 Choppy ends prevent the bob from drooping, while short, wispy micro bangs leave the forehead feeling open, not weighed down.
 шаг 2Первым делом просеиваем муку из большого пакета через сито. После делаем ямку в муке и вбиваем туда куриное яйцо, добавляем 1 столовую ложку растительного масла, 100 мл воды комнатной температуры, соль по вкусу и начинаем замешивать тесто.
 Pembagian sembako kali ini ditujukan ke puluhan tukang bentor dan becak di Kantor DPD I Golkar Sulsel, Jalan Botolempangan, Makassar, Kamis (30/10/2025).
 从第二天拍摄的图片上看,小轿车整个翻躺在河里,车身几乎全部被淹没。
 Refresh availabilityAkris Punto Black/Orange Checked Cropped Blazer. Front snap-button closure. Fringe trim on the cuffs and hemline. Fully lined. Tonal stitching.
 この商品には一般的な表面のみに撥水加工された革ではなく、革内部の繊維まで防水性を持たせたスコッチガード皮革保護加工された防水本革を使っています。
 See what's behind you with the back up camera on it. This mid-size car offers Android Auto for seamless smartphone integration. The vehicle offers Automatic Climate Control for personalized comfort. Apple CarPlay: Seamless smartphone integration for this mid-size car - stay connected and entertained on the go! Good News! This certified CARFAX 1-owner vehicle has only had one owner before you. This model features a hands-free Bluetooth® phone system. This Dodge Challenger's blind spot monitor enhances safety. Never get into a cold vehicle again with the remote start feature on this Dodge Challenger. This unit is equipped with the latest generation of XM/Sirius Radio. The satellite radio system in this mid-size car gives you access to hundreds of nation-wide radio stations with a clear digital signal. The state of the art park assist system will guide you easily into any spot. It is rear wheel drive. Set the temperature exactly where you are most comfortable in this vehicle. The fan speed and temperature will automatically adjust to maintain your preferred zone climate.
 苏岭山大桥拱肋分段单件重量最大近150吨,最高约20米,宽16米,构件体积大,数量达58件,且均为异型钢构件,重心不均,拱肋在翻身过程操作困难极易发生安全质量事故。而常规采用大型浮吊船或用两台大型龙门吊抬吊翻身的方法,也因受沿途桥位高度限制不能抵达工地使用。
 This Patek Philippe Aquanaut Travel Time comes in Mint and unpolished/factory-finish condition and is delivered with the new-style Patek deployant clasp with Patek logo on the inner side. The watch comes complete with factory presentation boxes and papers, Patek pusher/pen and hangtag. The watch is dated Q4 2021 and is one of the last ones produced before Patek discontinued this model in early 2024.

━━━━━━━━━━━━━━━━━━━━

Return each line from the data where the string "model" can be found.

 See what's behind you with the back up camera on it. This mid-size car offers Android Auto for seamless smartphone integration. The vehicle offers Automatic Climate Control for personalized comfort. Apple CarPlay: Seamless smartphone integration for this mid-size car - stay connected and entertained on the go! Good News! This certified CARFAX 1-owner vehicle has only had one owner before you. This model features a hands-free Bluetooth® phone system. This Dodge Challenger's blind spot monitor enhances safety. Never get into a cold vehicle again with the remote start feature on this Dodge Challenger. This unit is equipped with the latest generation of XM/Sirius Radio. The satellite radio system in this mid-size car gives you access to hundreds of nation-wide radio stations with a clear digital signal. The state of the art park assist system will guide you easily into any spot. It is rear wheel drive. Set the temperature exactly where you are most comfortable in this vehicle. The fan speed and temperature will automatically adjust to maintain your preferred zone climate.
 This Patek Philippe Aquanaut Travel Time comes in Mint and unpolished/factory-finish condition and is delivered with the new-style Patek deployant clasp with Patek logo on the inner side. The watch comes complete with factory presentation boxes and papers, Patek pusher/pen and hangtag. The watch is dated Q4 2021 and is one of the last ones produced before Patek discontinued this model in early 2024.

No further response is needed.